The refugees gather wood in the surrounding area to make fires for cooking. This is not only bad for the environment and human health. It also causes conflicts with the local population as people chop wood without permission, and there is already a shortage. Energy expert Kennedy Muzee is looking for a long-term alternative. Mr Muzee is working with administrators in the Gedaref region to make people less dependent on fossil fuels. "We are doing this by working with businesses near the refugee camp," says Mr Muzee.

A local sugar factory will now supply ethanol as an alternative to firewood. Mr Muzee has invited local producers of ethanol cookers to sell their products in a shop at the refugee camp. Another advantage: refugees can work in the factory or shop.

Mental health

Water and energy are not the only things that are important; improving the mental health of the refugees is also a point for attention. Many refugees have experienced trauma. It is important to provide care as soon as possible. Hilary Kosgei Kiptoo is an expert in this area.

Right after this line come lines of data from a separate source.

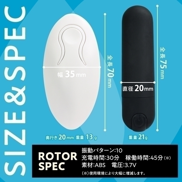 ■仕様:パッケージ:ヘッダー14.5×8.8×3.0cm ローター 7.5×直径2.0cm リモコン 7.0×3.5×2.0cm USB充電式
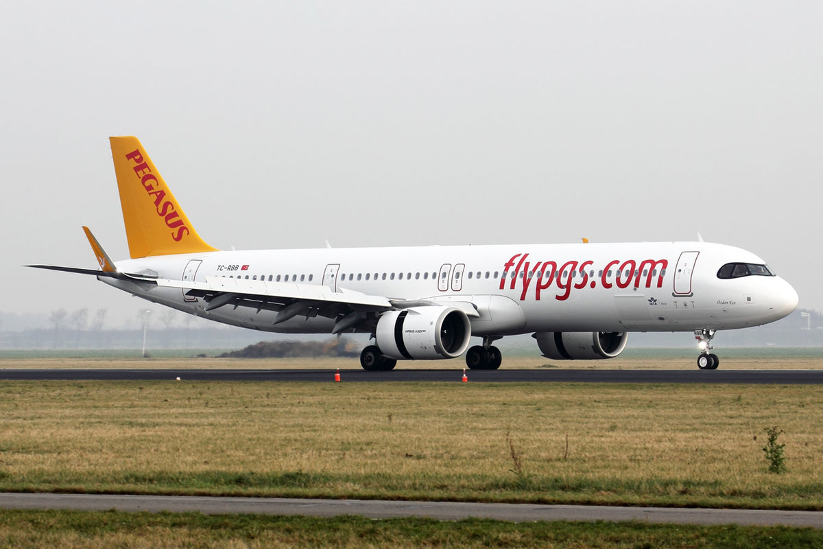 Pegasus Airlines Airbus A321-251NX TC-RBB nach der Landung in Amsterdam 28.12.2019
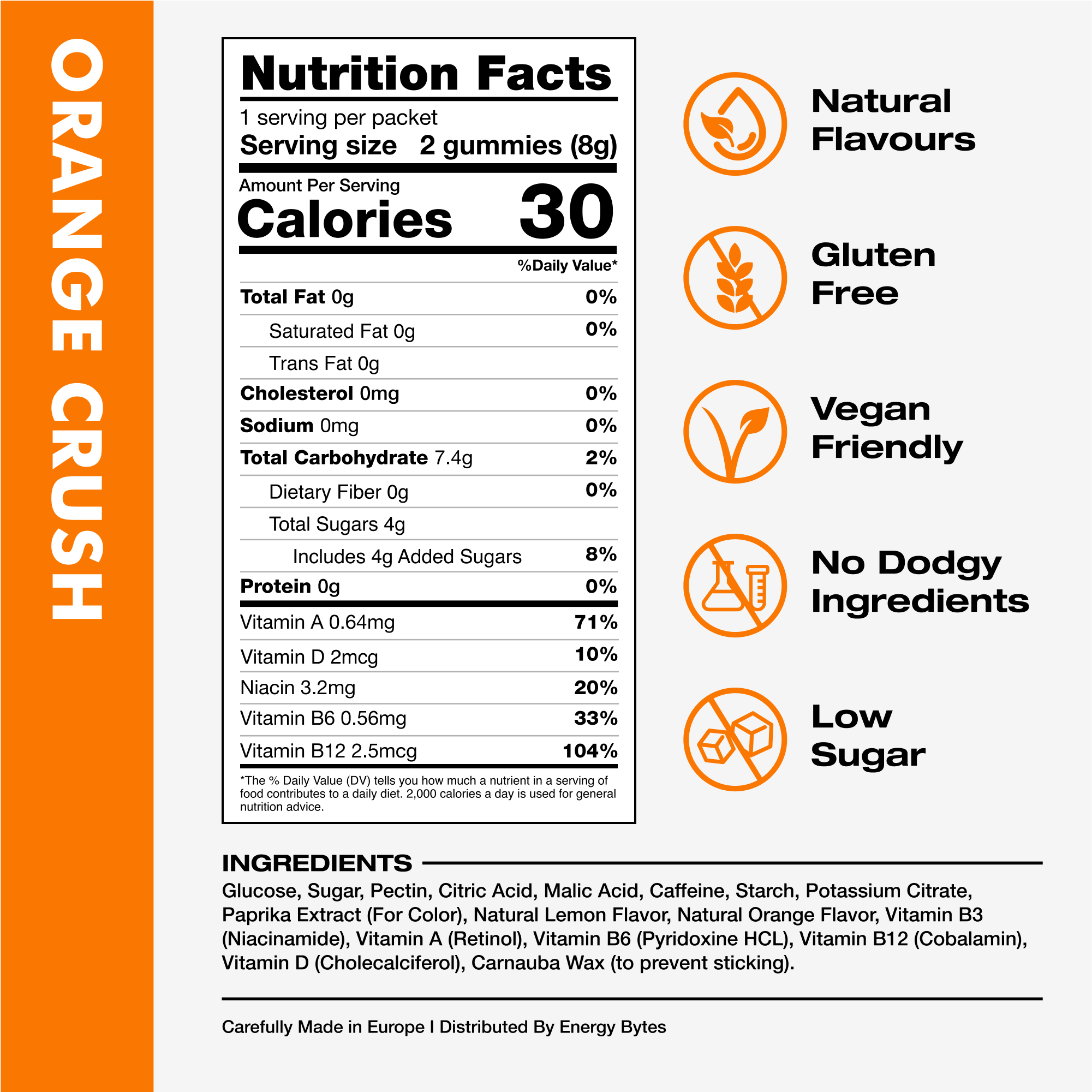 Unlike most other gummies on the market that are made with Gelatin, Energy Bytes are made with pectin from fruit peels, making them vegan-friendly.
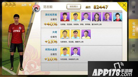 一个完美的球队不但要有强力的11人首发名单,还要有实力强劲的替补球员提高板凳厚度。与现实世界不同的是,在中超风云里,替补球员如果和主力球员有化学反应,是可以直接提升主力球员的能力的哦。组成一个缘分的人越多,激活的加成也就越多哦,最高可以激活6人组成的缘分,可以加成40%的全属性哦,而且最诱人的是不同的缘分获得的加成是可以互相叠加的呢。
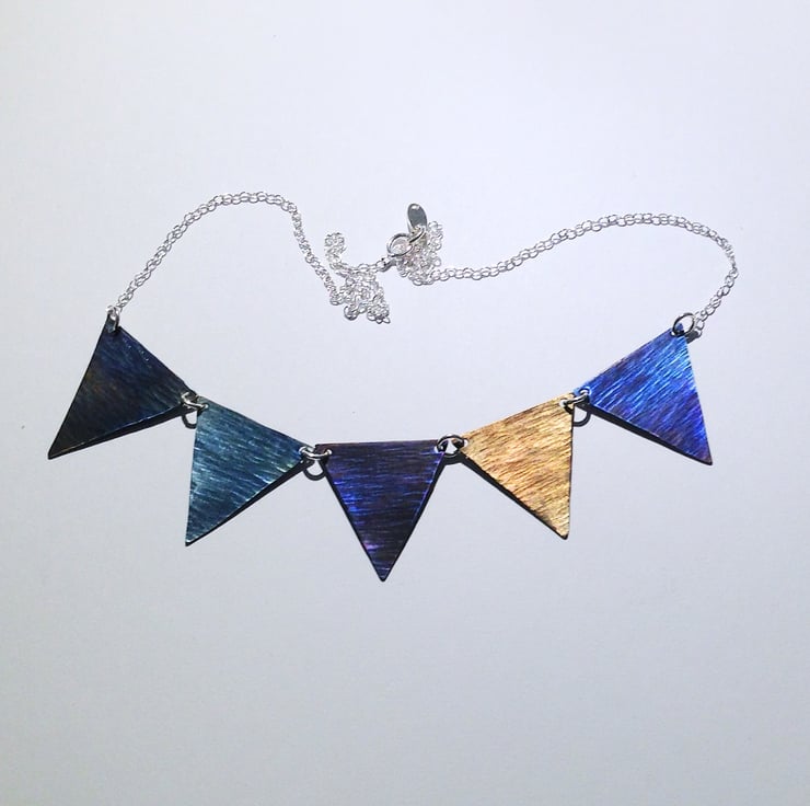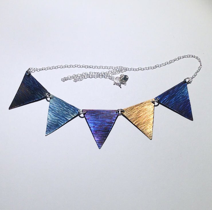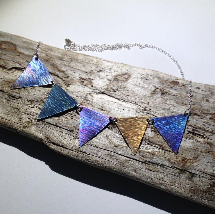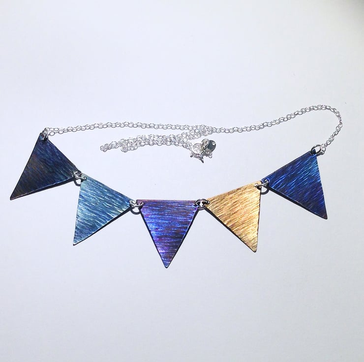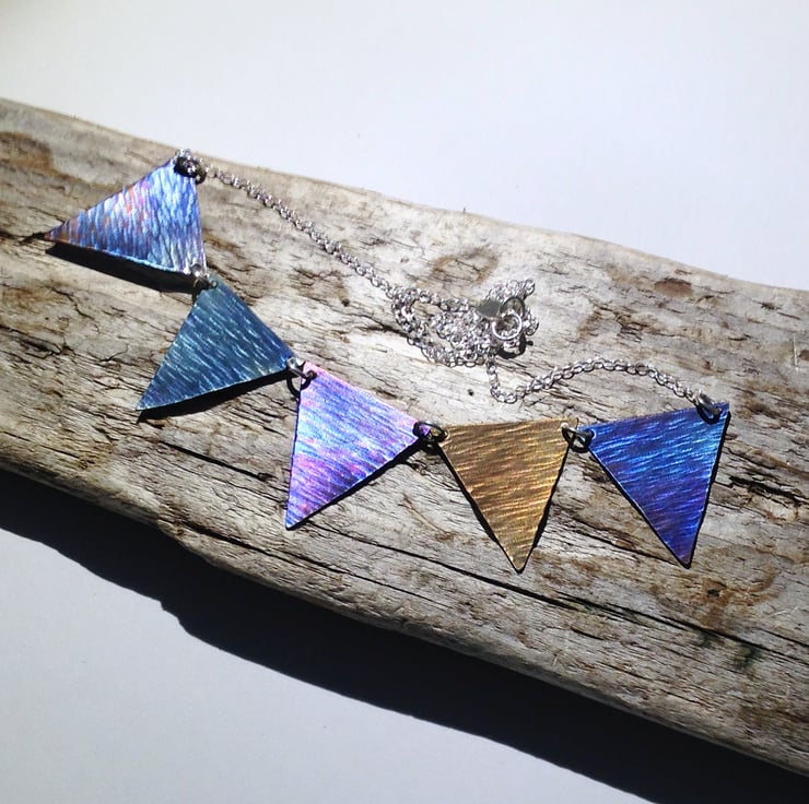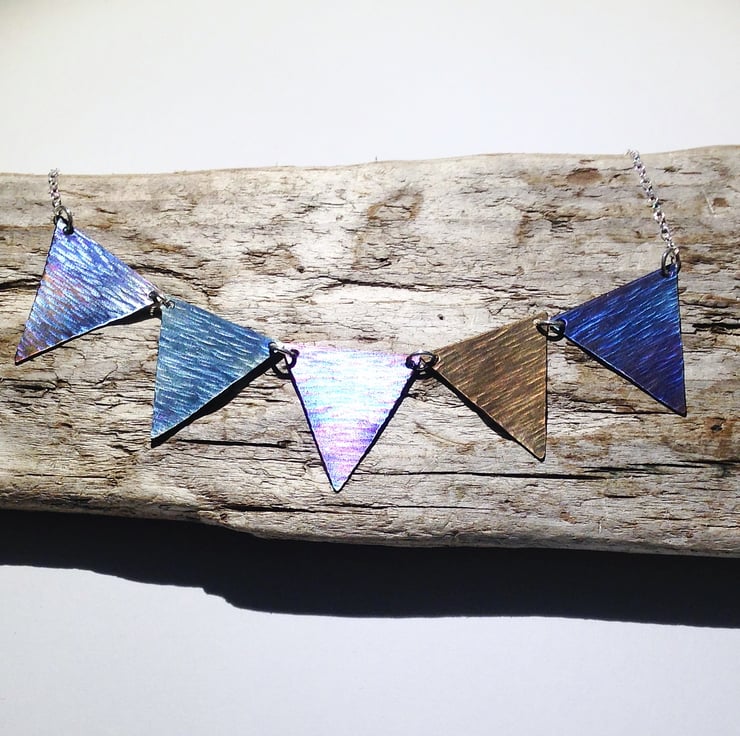 I have made this necklace by hand sawing the shapes from titanium sheet and have given the surface an attractive hammered finish before heat colouring. I have then joined them together with sterling silver jump rings and attached sterling silver chain to create the necklace.
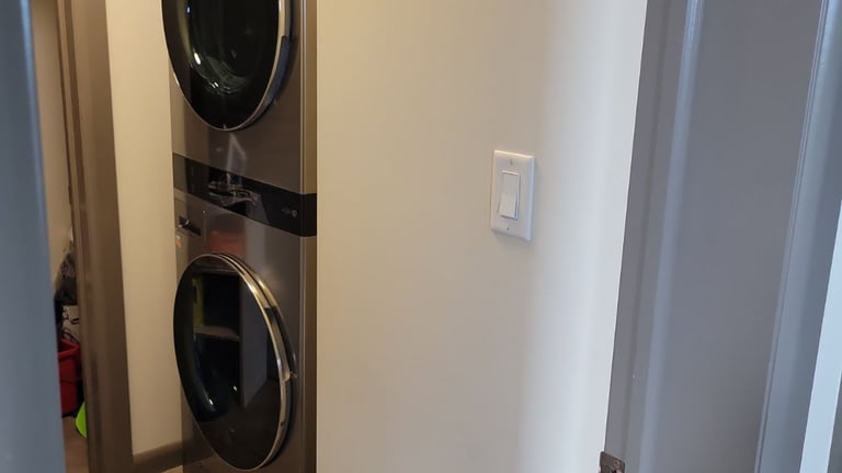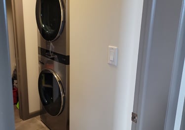 Located in the main storage room is a full size LG washer/Dryer. Other things like Ironing board, vacuum and mop w/bucket can be found there as well.
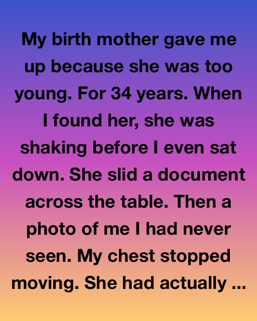 My birth mother gave me up because she was too young. For 34 years, I had imagined this moment in a thousand different ways, usually involving tears or a stiff, awkward apology. When I finally found her, she was shaking before I even sat down. She slid a document across the table. Then a photo of me I had never seen. My chest stopped moving. She had actually kept a meticulous record of every single day since I was born.
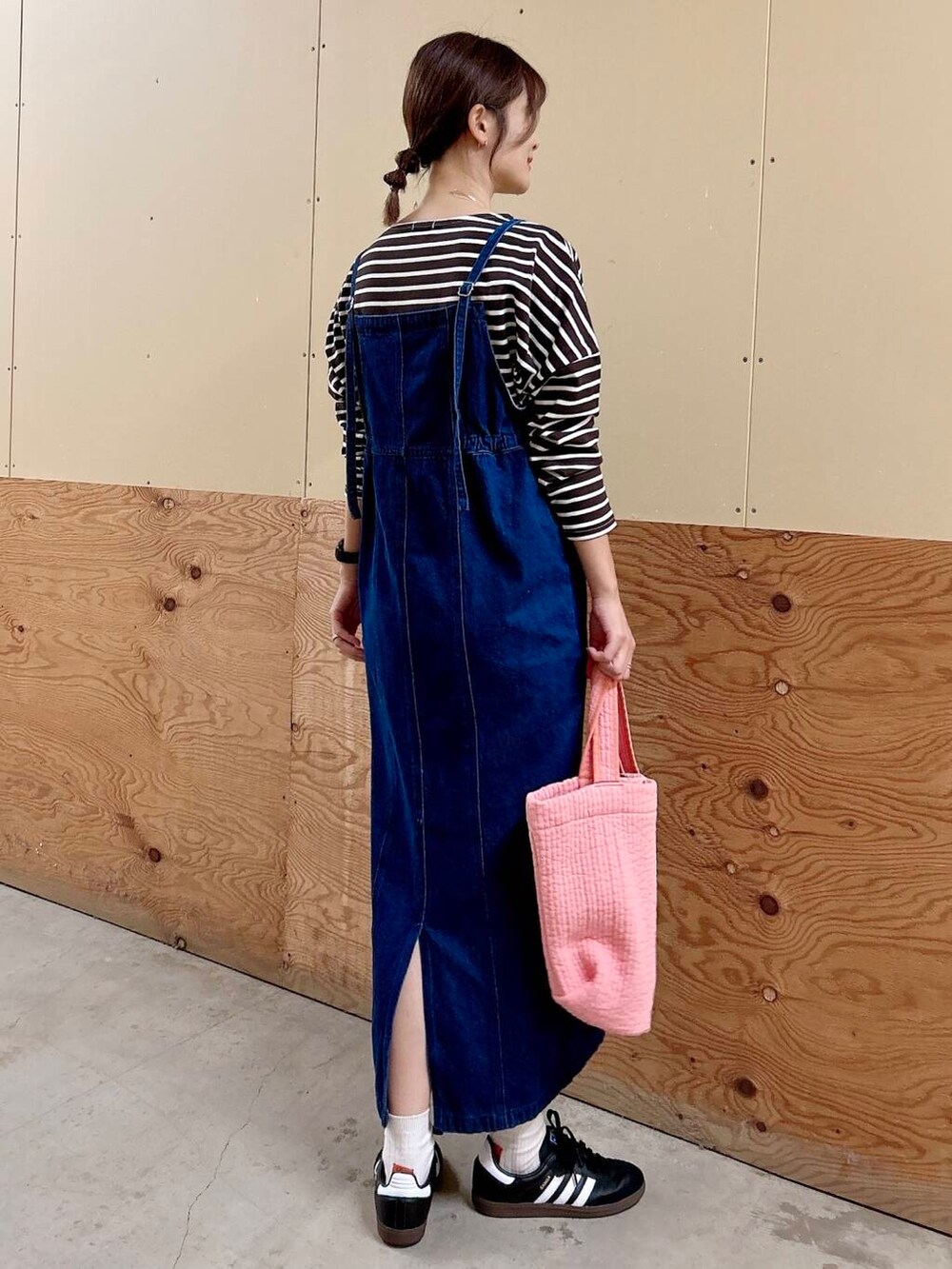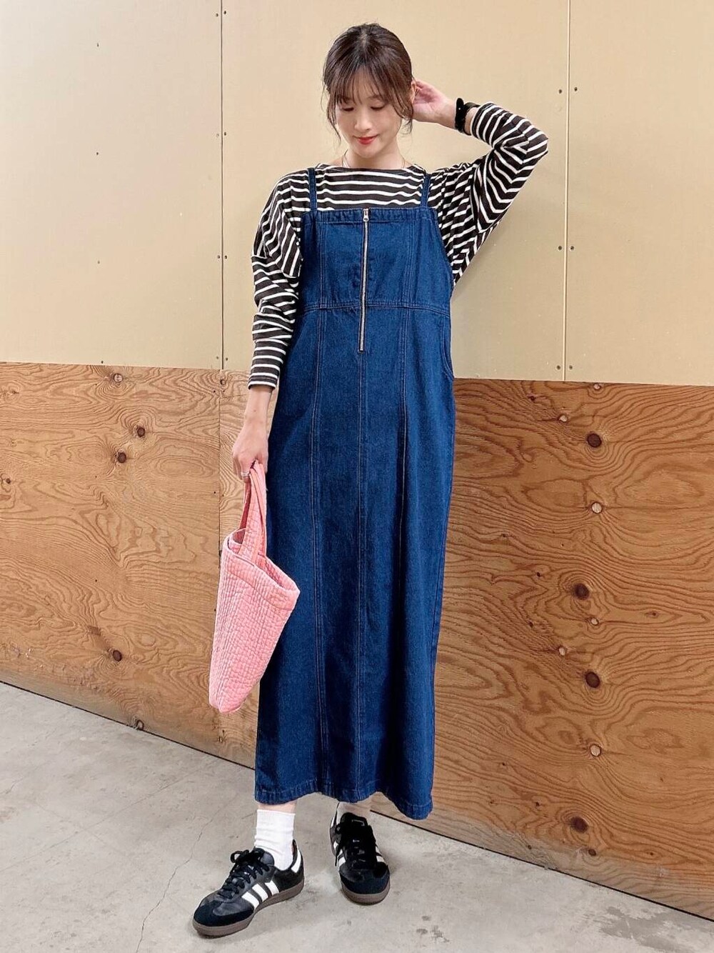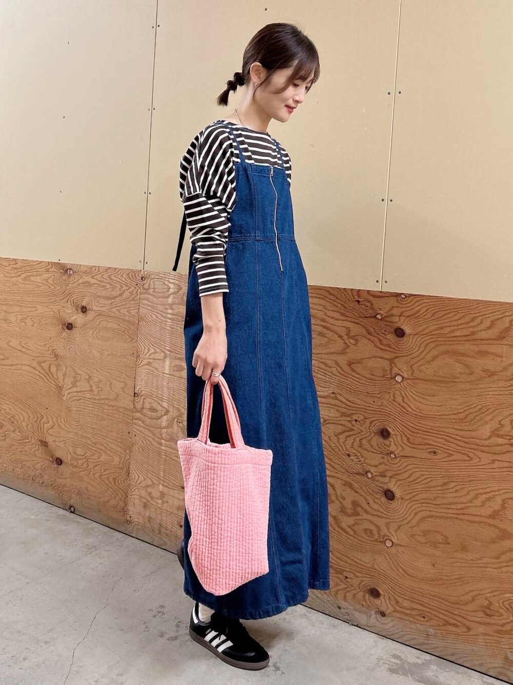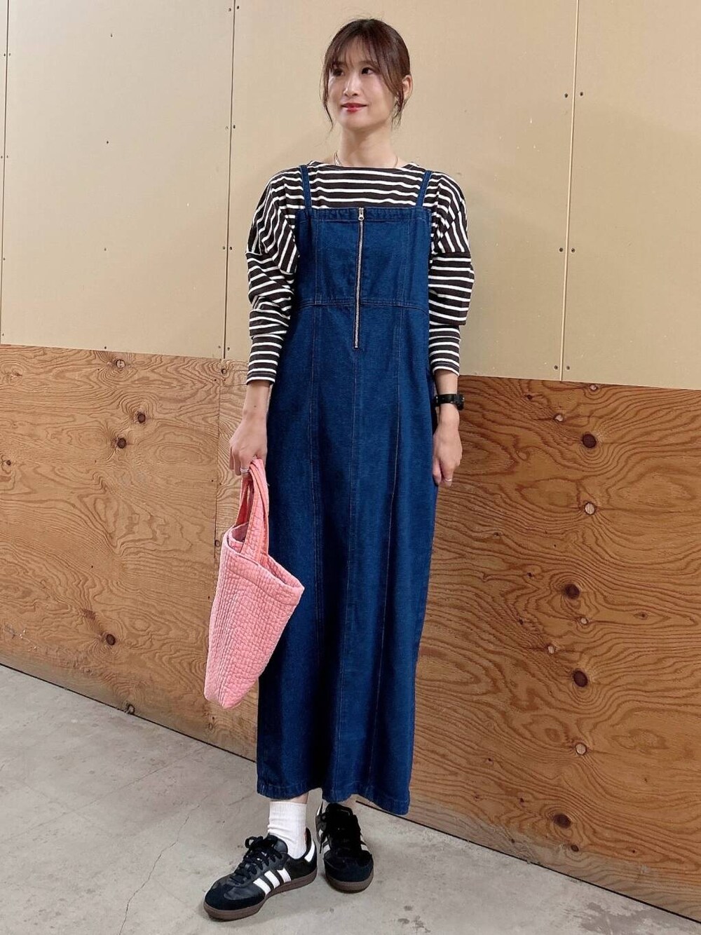 デニムキャミワンピはオールシーズン使えるアイテム。肩紐で長さ調節可能。

He explains how he defends the interests of these people. Most of them have been traumatised by what they have been through. Mrs Kosgei Kiptoo, "Thanks to my knowledge and experience, I can bring different parties together. This makes people more aware and well-informed about mental health and what we can do to improve it."

Would you like to use your knowledge to help out in disaster areas?

Are you an expert? Would you like to help in water-related emergencies in other countries? DSS water is always looking for new experts. Learn more about DSS water. Would you like to contribute to MHPSS? Read more on the DSS MHPSS page. Or sign up as an expert.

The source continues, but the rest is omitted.